1.3 California’s historical sociohydrological context
Water law and infrastructure development in California was an outcome of gold mining operations from the mid-1800s and formed a foundation for urban and agricultural prosperity. The late 1800s was formative for this economic growth as water rights were formalized, and the land was converted to agriculture. Water use during this period favored wealthy landowners, and riparian surface water rights (i.e., water rights associated with land adjacent to water body) were prioritized over appropriative water rights (i.e., water rights approved for water diversion for beneficial uses) [38]. The Wright Act of 1887 was passed to break the monopolization of the land and water spell by forming irrigation districts. Under this act, residents and farmers formed irrigation districts to represent the best interests of family farms and keep water rights in the irrigation district instead of private corporations or individuals [15]. The early formation of irrigation districts in 1887 also catalyzed the creation and transformation of agricultural communities in California, especially the San Joaquin Valley, by governing water resources in the interest of local water users [39, 40].
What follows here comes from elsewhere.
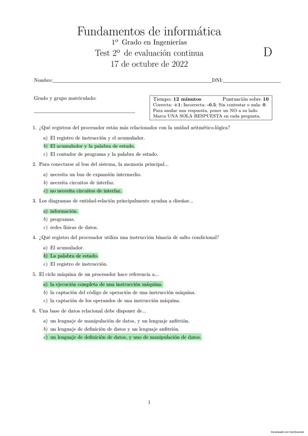 Compendio de tests de informática resueltos de años anteriores
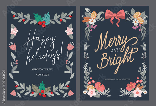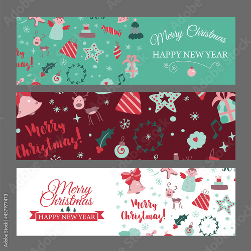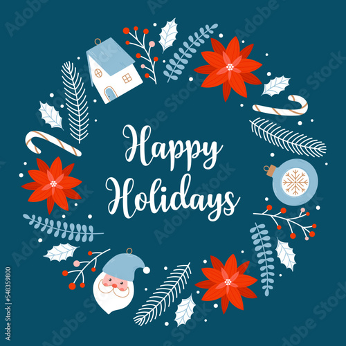 Vector Holidays seamless pattern with reindeers, gifts, snowmen, holly berries, balls, snowflakes, lettering. Decorative festive design element for Christmas greeting card, invitation, wrapping paper.

In California, water rights allocations with the most water by volume are allocated to public entities (e.g., water agencies) (78%), and agriculture has the highest count of designated water rights (70%) [24]. For irrigation districts, the date of formation is critical in determining the type of surface water right (pre-1914 or post-1914 appropriative rights), which dictates differences in management regulations and priorities. The lack of a surface water rights permitting system before 1914 allowed water users to claim a surface water right to be used for beneficial and reasonable use without the approval of a governing agency. When the Water Commission Act of 1914 was established to regulate the surface water rights permitting system, claims prior to 1914 were grandfathered into the water rights system as existing and senior. These senior pre-1914 water rights are given allocation priority, even in times of water scarcity, over post-1914 or junior water rights [41]. Irrigation districts and water users that do not receive surface water allocations, either due to junior or non-existent surface water rights, turn to groundwater to supply irrigation demands [42]. While all rights holders, riparian and appropriated, may get their share of surface water supplies during wet years, California’s frequent droughts create access disparities and generate conflicts among water users. In September of 2021, climate change amplified drought conditions led to the curtailment of water rights diversions for all pre-1914 and post-1914 water rights holders in the Sacramento-San Joaquin watersheds [43]. The Sacramento-San Joaquin watersheds provide surface water for 25 million Californian’s drinking water supply and irrigation for more than three million hectares of agricultural land.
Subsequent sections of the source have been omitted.